# PDF of Bobcat Snow-thrower Owner Manual



## mikeytheflop (Jan 26, 2016)

I have the owners manual; helps to identify year/make/model, as well as to show exploded schematics and part numbers. Very helpful piece of information!

I would be happy to help; send me a PM.

Mike
:wavetowel2:


----------



## td5771 (Feb 21, 2011)

Thank you for the offer I am sure they will come in handy for many.


----------



## Bob Cat (Jul 15, 2014)

Mikey thanks for doing this for free. There should be more people like you around.


----------



## thecraigers91 (Nov 2, 2016)

mikeytheflop said:


> I have the owners manual; helps to identify year/make/model, as well as to show exploded schematics and part numbers. Very helpful piece of information!
> 
> 
> 
> ...




I would love a copy of a BobCat manual. I am not sure how to pm in this forum.

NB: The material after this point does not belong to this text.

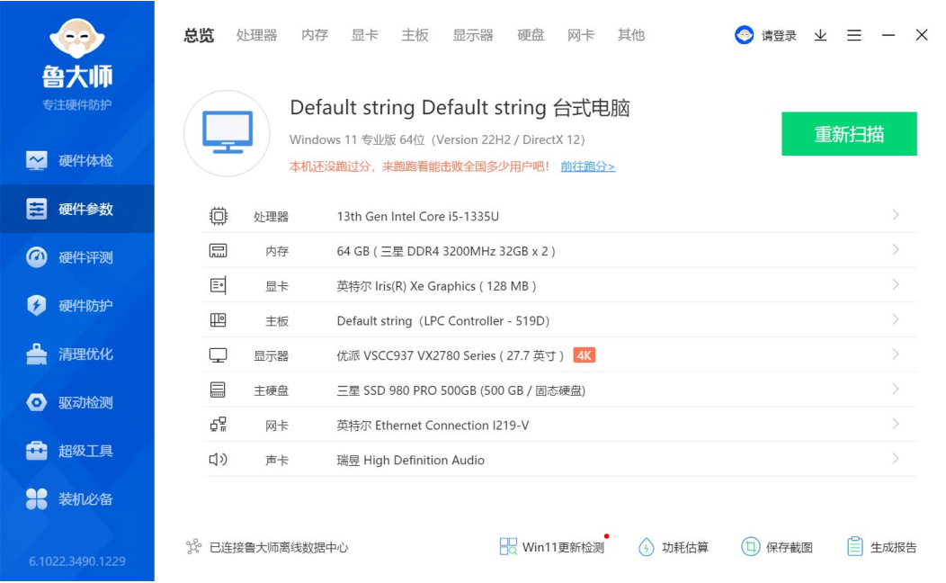 上面是鲁大师识别的ca88AE613硬件参数详情,ca88进行跑分测试的核心三大件选择的是13th Gen Intel(R) Core(TM) i5-1335U @1.30GHz处理器,Intel(R) Iris(R) Xe Graphics显卡,三星 32GB*2 DDR4 3200MHz内存,三星SSD 980 PRO 500GB(500 GB/固志硬盘),下面ca88来看详细的跑分数据。

Sent from my iPad using Tapatalk


----------



## bad69cat (Nov 30, 2015)

thecraigers91 said:


> I would love a copy of a BobCat manual. I am not sure how to pm in this forum.
> 
> 
> Sent from my iPad using Tapatalk



Just click on the user name and choose PM....


----------



## derekvandenberg (Dec 25, 2016)

*bobcat manual*

Could you email the manual to derekvandenberg at hotmail.com
Thanks!


----------



## pfflyer (Jan 4, 2017)

*Bob Cat snow blower manual*

I have an old Bob Cat Snow Blower and would love to get a manual for it. The only data plate on it says "Wisconsin Marine Inc." and has
"I.D.No. T5-2-20-15585" Would you have a manual for that?


----------



## thestonecarver (Jan 22, 2013)

Did someone sent you a pdf file of the manual yet? If not send me your email address.


----------



## thestonecarver (Jan 22, 2013)

*bob cat namual?*



mikeytheflop said:


> I have the owners manual; helps to identify year/make/model, as well as to show exploded schematics and part numbers. Very helpful piece of information!
> 
> I would be happy to help; send me a PM.
> 
> ...


Hi, I just found this and I'm not sure if I asked you to send me one or not. I not I would appreciate it. Just sent this info to a fellow member too. Thanks thestonecarver
[email protected]


----------



## GRReiss (Feb 5, 2017)

mikeytheflop said:


> I have the owners manual; helps to identify year/make/model, as well as to show exploded schematics and part numbers. Very helpful piece of information!
> 
> I would be happy to help; send me a PM.
> 
> ...


We have a snow thrower that we are unsure of how old and how it is to be worked on, if you could send me a copy I would def. appreciate it. Send to [email protected] Thanks if you can do this for me. Jerry


----------



## suffjgw (Feb 5, 2017)

I pulled my dad's (he is 97) snow thrower out of the garage. I can't get it started. Would love to have the manual. If you could send it to [email protected] that would be great.

Jim

Visiting Idaho from Tucson. Trying to cope with the white stuff.


----------



## suffjgw (Feb 5, 2017)

Hi, It would be great to have the manual for a Bobcat Snow Thrower. I am having trouble figuring out the throttle position (up for open?). Please send to:

[email protected]

Thanks

Jim


----------



## suffjgw (Feb 5, 2017)

Hello,

I haven't been tracking this site. I would love to get a pdf of the BobCat Snow Thrower Manual.

[email protected]

Thanks in advance.


----------



## haight78 (Feb 16, 2019)

Hi Mikey any chance you can forward a copy. I have a Bob-caT 4hp B&S 1966 model 820? [email protected]


----------



## Robert A Fierro (Jan 24, 2018)

Hi....If still available, I'd love a copy of this manual. I'm starting a rehab of my father's 1961 820 ( 3.5HP)
rfierro (a t > comcast <d o t) net

Thank you in advance.


----------



## thestonecarver (Jan 22, 2013)

Where did you get that? lol


----------



## billkbloomington (Mar 11, 2019)

I have a BobcaT t7-2-24 snow blower and was wondering if any of you still have a service manual for it. I have been reading the posts and did not see a working link to a manual. My machine appears to be a 1973 with a chute crank, reverse kick out, and no plate/cover on the handle. It runs, but has not seen a lot of maintenance and I would like to restore it and be able to get it properly adjusted.. I would appreciate it if someone could steer me to a manual.
thanks
billk 
Bloomington, mn


----------



## optimusprime8 (Apr 5, 2019)

I would like a copy of the manual too. I need to know oil capacity.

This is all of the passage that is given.